If you can't wait until after the holidays you might want to search. We just talked about this a few months ago, and someone sent a link for a video that we all watched. Vicki


----------



## Kalne (Oct 25, 2007)

Yes, you can smell the soap through the wrap which is a huge benefit. I never got the hang of using the thing before I switched over to paper wrapping. Should consider selling it since it's just collecting dust now.


----------



## adillenal (Feb 6, 2009)

I watched that video and quite frankly, I can hand shrink wrap faster. I buy the rolls and leave the ends of the soap open. I am sure I would never get very fast with that wand thing. I find shrink wrapping kind of relaxing. Mindless work does that for me. 
Sorry I am no help. Just wanted to chime in.


----------



## tmfinley (Feb 21, 2008)

I've seen videos but am looking for some real life experience. I'm thinking I might be able to do it faster too but I use individual 4x6 bags. I leave my ends open as well so if I went to the system I would want to use the polyolefin. I ordered a small box of them to try them because I've read reports that they start to bread down with certain essential oils. Unlike LaNell, I do not enjoy wrapping soap and am looking for something faster.


----------



## hsmomof4 (Oct 31, 2008)

I do that system, but I have nothing to compare it to, since I haven't done shrink wrapping any other way.

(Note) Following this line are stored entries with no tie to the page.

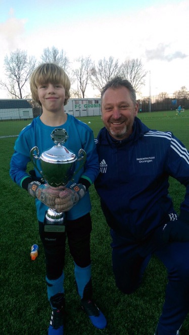 De wisselbekers stonden alweer klaar, meegebracht door de vorige twee winnaars. Bij de eerste trainingsgroep was het Finn van Dijk, keeper van GVAV Rapiditas JO11-1 uit Groningen die de beker met zijn herkenbare lach in ontvangst nam van traine Andre. Finn wil graag een betere keeper te worden en doet alles met plezier. Daarnaast helpt hij ook de andere keepers met goede opmerkingen over wat er nog beter zou kunnen zodat je nog eerder bij de bal bent of hoe je nog beter de bal kunt vasthouden.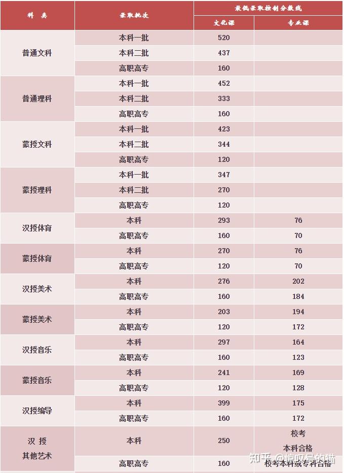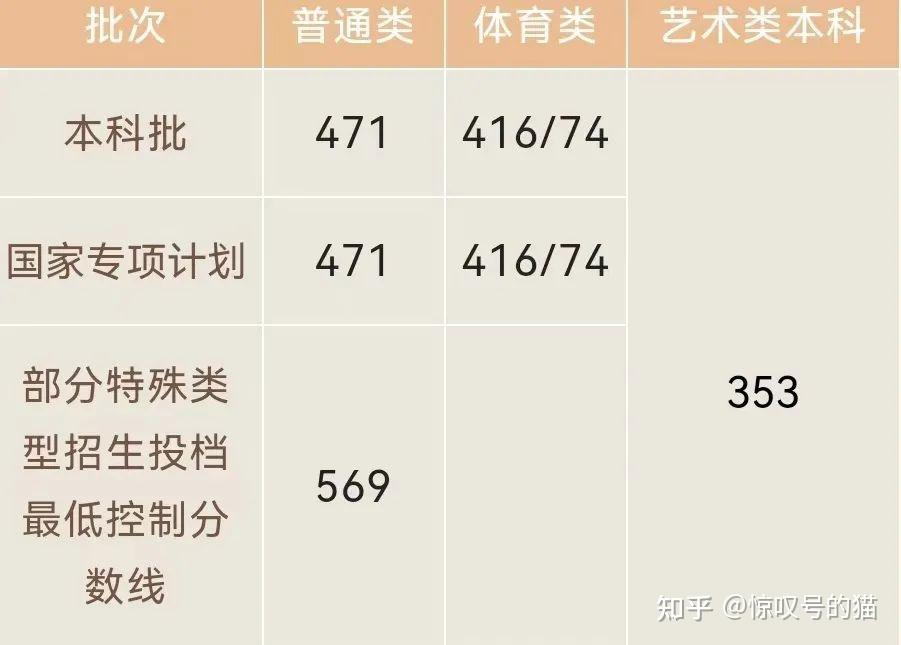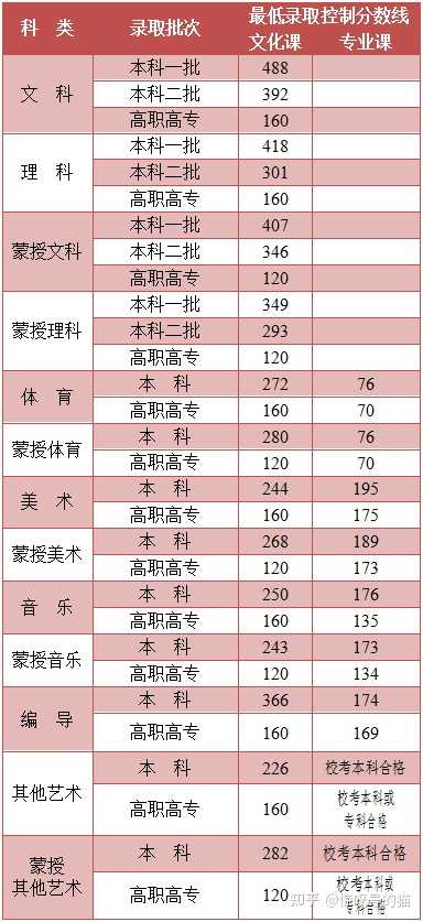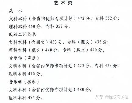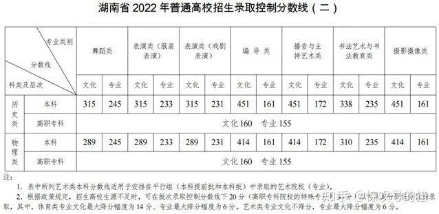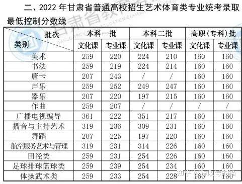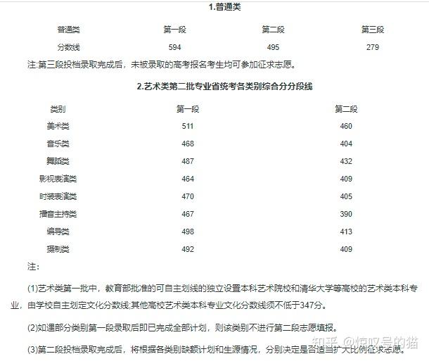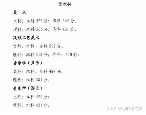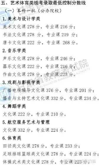 艺术类专业的登科由文化分数线和艺术统考分数线双线控造。各批次的登科更低控造分数线别离为: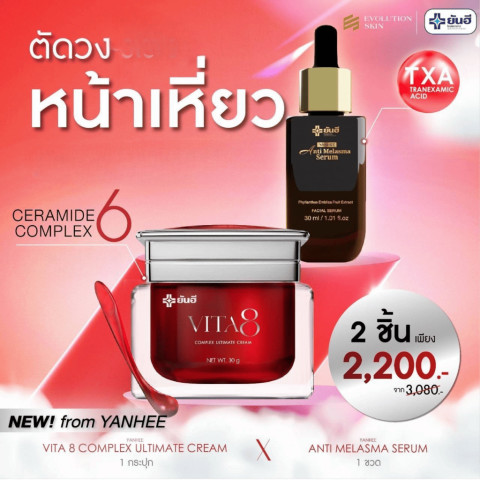 YANHEE VITA8 COMPLEX ULTIMATE CREAM [เมลาสม่า 2 +ไวต้าเอจ 2] ครีมบำรุงผิวหน้าสูตรพรีเมียมจากทีมวิจัยโรงพยาบาลยันฮี ที่ออกแบบมาเพื่อดูแลผิวคนไทยโดยเฉพาะ ช่วยให้ผิวดูอ่อนเยาว์ขึ้น ลดเลือนริ้วรอย ความหย่อนคล้อย และจุดด่างดำ พร้อมฟื้นบำรุงเกราะป้องกันผิวให้แข็งแรง เนื้อครีมซึมไว เกลี่ยง่าย ไม่เหนอะหนะ ใช้ได้ทุกสภาพผิว โดยเฉพาะช่วงวัย 40+ ที่ต้องการการบำรุงล้ำลึกเป็นพิเศษ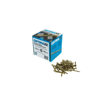 General description OPTIMAXX C288-420 4.0X40 FULL THREAD screws feature a unique design that allows for self-countersinking into various materials without the need for counterboring, ensuring no surface damage. The screws are engineered with a double reinforced collar that enhances strength and prevents snapping, while also allowing for a deeper pozi recess. Technical specifications Dimensions: 4.0 x 40 mm Thread type: Full thread Unique lubricant coating for smooth insertion Razor sharp point angle: 20 degrees Usage These screws are ideal for fast penetration into timber, even without a pilot hole, thanks to their sharp saw tooth formation and specifically positioned long thin groove that minimizes pressure build-up and prevents wood splitting when screwing near edges.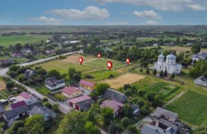 Зручний доїзд з траси через алею, викладеною бруківкою. Межує з територією церкви.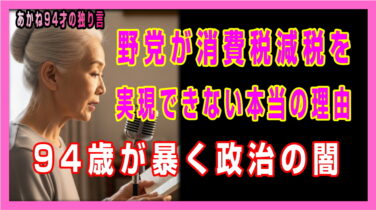 未分類 なぜ野党は「消費税減税」を公約しながら実行できないのか? ― 旧民主党の歴史的遺産と2025年の政治情勢分析 みなさま、こんにちは。あかねです。最近、特に感じることがあるのです。政治家の言葉の軽さ、そして私たちが何度も同じ轍を踏み続けていることへの深い憂いです。歴史的好機と野党の沈黙2024年から2025年にかけて、野党にとって千載一遇のチャンスが... 2025.09.28 未分類

You can smell the bars through the wrap. I can do 12 bars in a whack using the wand...I just did a bunch the day before yesterday...I should have timed it.  I haven't noticed any break down of the wrap over time, though if the soap shrinks a bit, they get looser.


----------



## tmfinley (Feb 21, 2008)

I think the main complaints on the break down of the film was from patchouli and lemongrass and other citruses. Do you use these scents with the film?


----------



## hsmomof4 (Oct 31, 2008)

I use patch in a couple of different soaps and lemongrass in one and I haven't noticed any issues.


----------



## NubianSoaps.com (Oct 26, 2007)

If you did open up stored soap that was shrank some time ago and it's loose...can you simply hit it with a heatgun to shrink them up more?


----------



## tmfinley (Feb 21, 2008)

Yes, you just shrink em some more.


----------



## hsmomof4 (Oct 31, 2008)

Vicki McGaugh Tx Nubians said:


> If you did open up stored soap that was shrank some time ago and it's loose...can you simply hit it with a heatgun to shrink them up more?


Yup. No problems.


----------